The json module expects all custom types to be expressed as objects in the JSON standard. For variety, you can create a JSON file this time called complex_data.json and add the following object representing a complex number:

```json
{
    "__complex__": true,
    "real": 42,
    "imag": 36
}
```

See the clever bit? That "__complex__" key is the metadata we just talked about. It doesn’t really matter what the associated value is. To get this little hack to work, all you need to do is verify that the key exists:

In [50]:
def decode_complex(dct):
    if "__complex__" in dct:
        return complex(dct["real"], dct["imag"])
    return dct

If "`__complex__`" isn’t in the dictionary, you can just return the object and let the default decoder deal with it.

Every time the load() method attempts to parse an object, you are given the opportunity to intercede before the default decoder has its way with the data. You can do this by passing your decoding function to the object_hook parameter.

Now play the same kind of game as before:

```python
>>> with open("complex_data.json") as complex_data:
...     data = complex_data.read()
...     z = json.loads(data, object_hook=decode_complex)
... 
>>> type(z)
# OUT: <class 'complex'>

```

While object_hook might feel like the counterpart to the dump() method’s default parameter, the analogy really begins and ends there.
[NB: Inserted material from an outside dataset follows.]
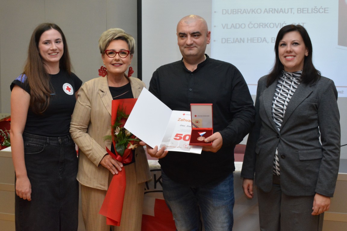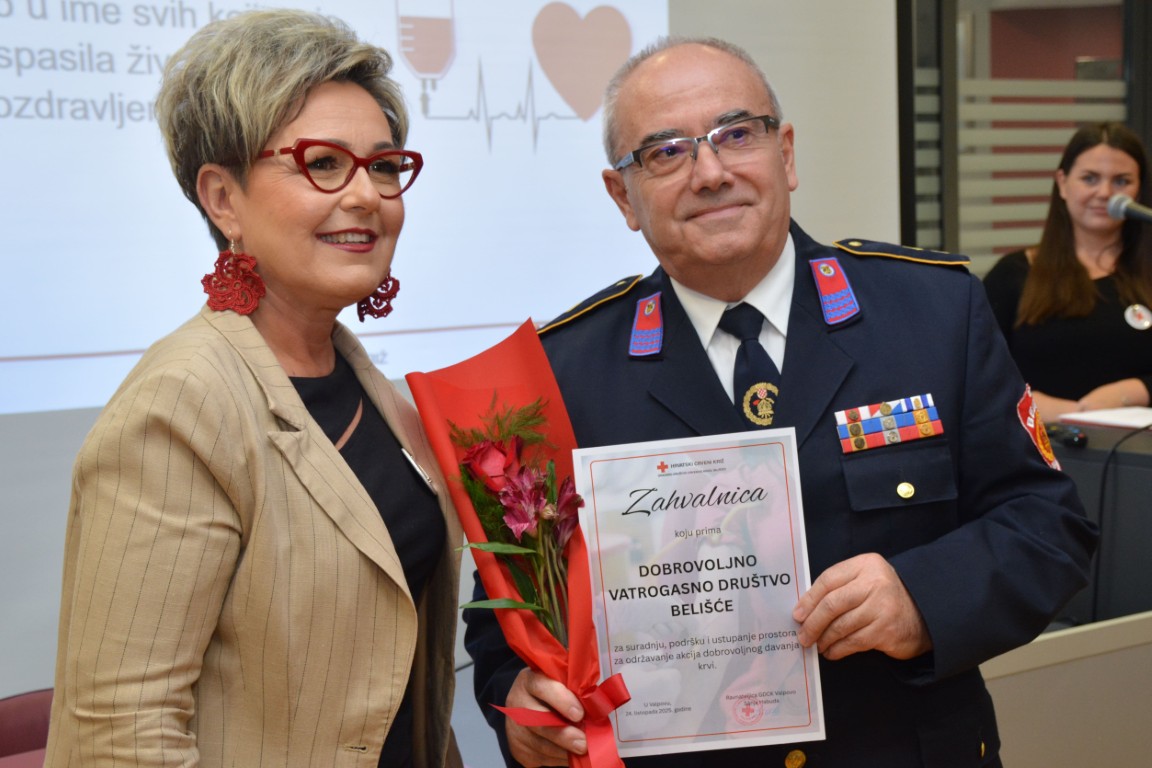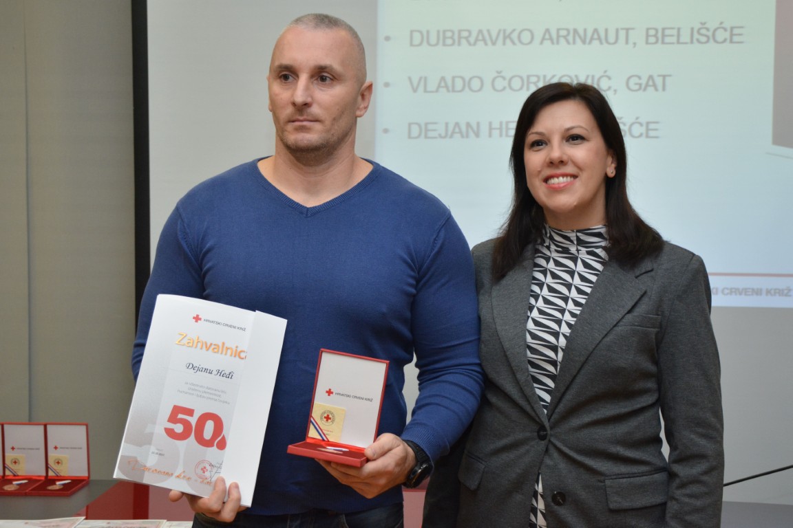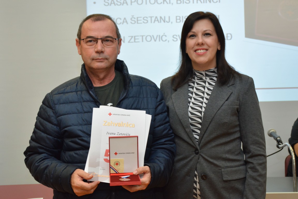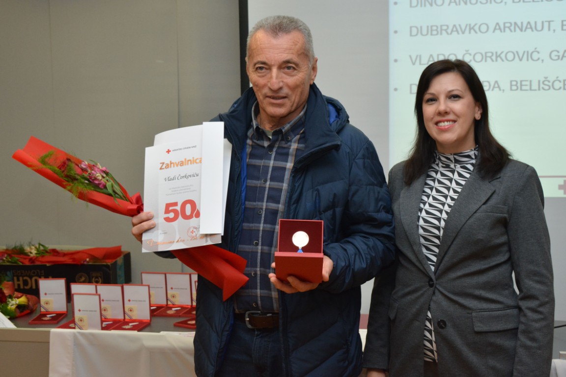 zahvalnicu i plaketu Hrvatskog Crvenog križa za izvanredan uspjeh - 125 puta darovanu krv JASENKO KARDUM, BELIŠĆE (126 DAVANJA) te obiteljsku zahvalnicu MARIN I TINA VLAŠIĆ (OTAC I KĆI), Baranjsko Petrovo Selo (60 i 26 DAVANJA).

This doesn’t just work with one object either. Try putting this list of complex numbers into complex_data.json and running the script again:

```json
[
  {
    "__complex__":true,
    "real":42,
    "imag":36
  },
  {
    "__complex__":true,
    "real":64,
    "imag":11
  }
]
```

If all goes well, you’ll get a list of complex objects:

```python
>>> with open("complex_data.json") as complex_data:
...     data = complex_data.read()
...     numbers = json.loads(data, object_hook=decode_complex)
... 
>>> numbers
# OUT: [(42+36j), (64+11j)]
```

You could also try subclassing JSONDecoder and overriding object_hook, but it’s better to stick with the lightweight solution whenever possible.